_LISTED RECORDS_
━━━━━━━━━━━━━━━━━━━━━━━━━━━━━━
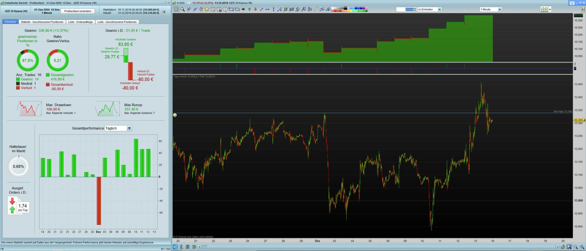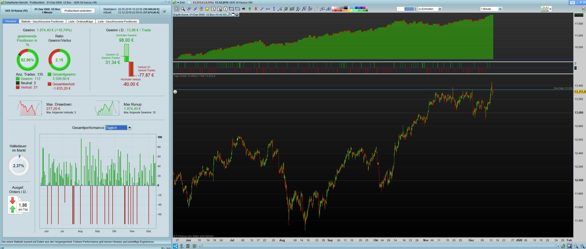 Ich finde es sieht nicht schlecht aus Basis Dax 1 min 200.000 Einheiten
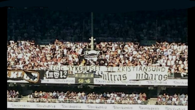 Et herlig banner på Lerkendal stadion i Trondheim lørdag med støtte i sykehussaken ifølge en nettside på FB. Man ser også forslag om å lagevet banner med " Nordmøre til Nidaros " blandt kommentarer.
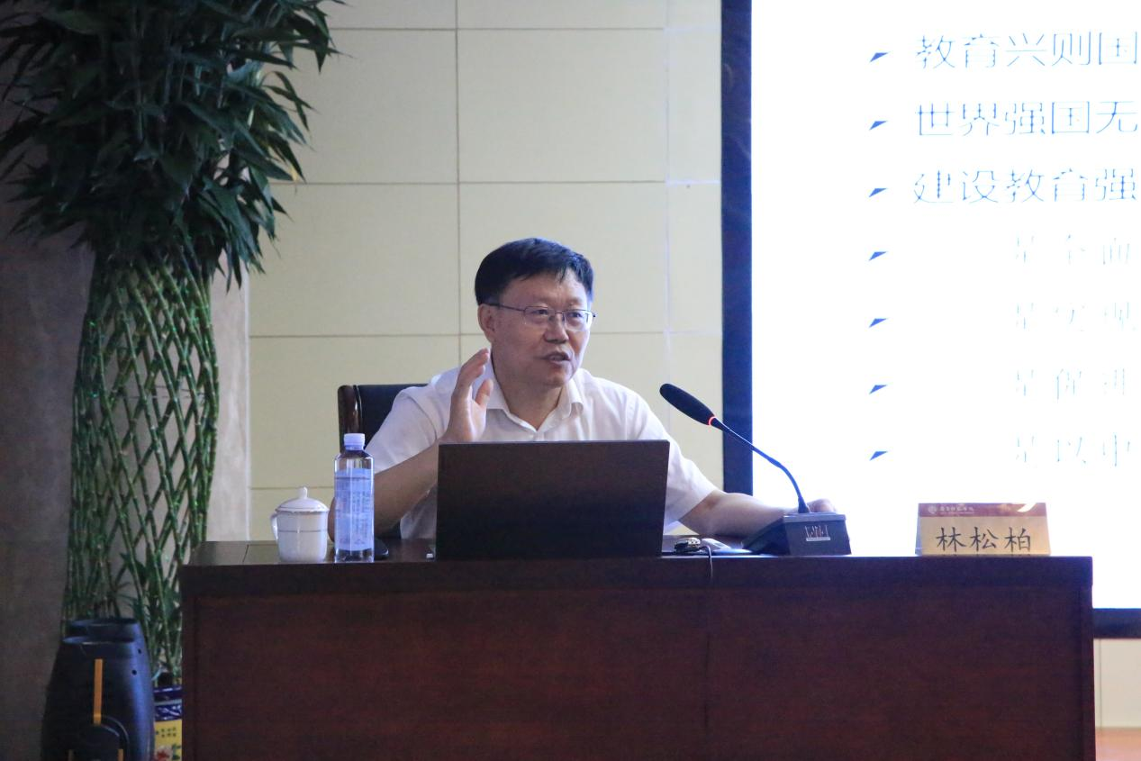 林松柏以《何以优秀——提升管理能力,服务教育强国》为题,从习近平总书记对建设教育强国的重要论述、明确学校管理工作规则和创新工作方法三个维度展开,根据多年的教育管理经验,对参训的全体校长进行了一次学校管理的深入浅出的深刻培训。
━━━━━━━━━━━━━━━━━━━━━━━━━━━━━━
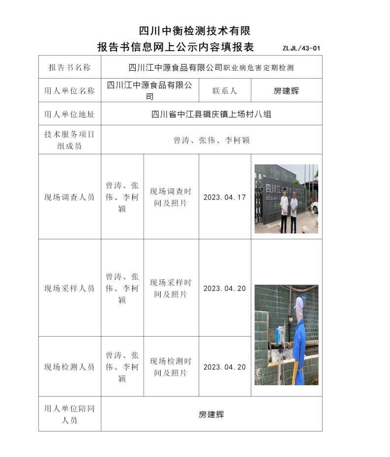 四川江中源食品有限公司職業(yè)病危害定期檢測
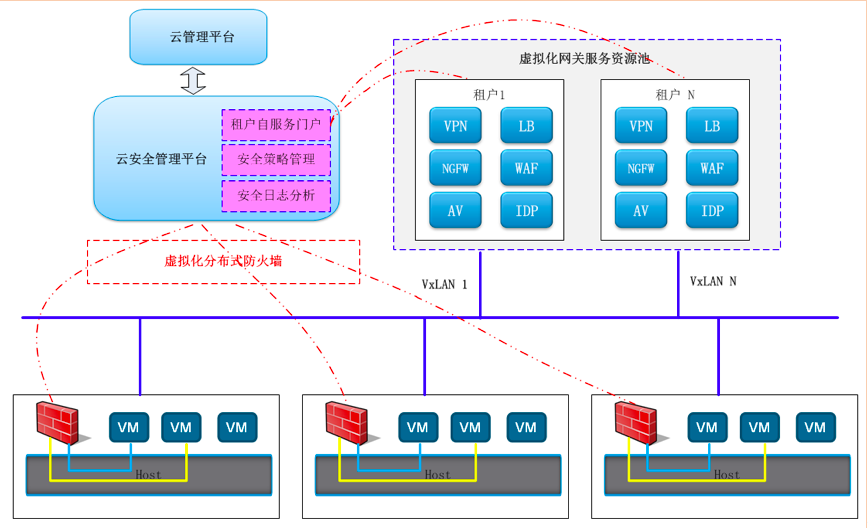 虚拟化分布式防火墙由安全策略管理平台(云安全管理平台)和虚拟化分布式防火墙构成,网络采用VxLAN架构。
━━━━━━━━━━━━━━━━━━━━━━━━━━━━━━
_ASSIGNMENT_
Beginning with the line that contains "Ich finde es", write out the lines of the material above exactly, and end with the line that contains "Et herlig banner". Omit the pictures.

_RESULT_
 Ich finde es sieht nicht schlecht aus Basis Dax 1 min 200.000 Einheiten
 Et herlig banner på Lerkendal stadion i Trondheim lørdag med støtte i sykehussaken ifølge en nettside på FB. Man ser også forslag om å lagevet banner med " Nordmøre til Nidaros " blandt kommentarer.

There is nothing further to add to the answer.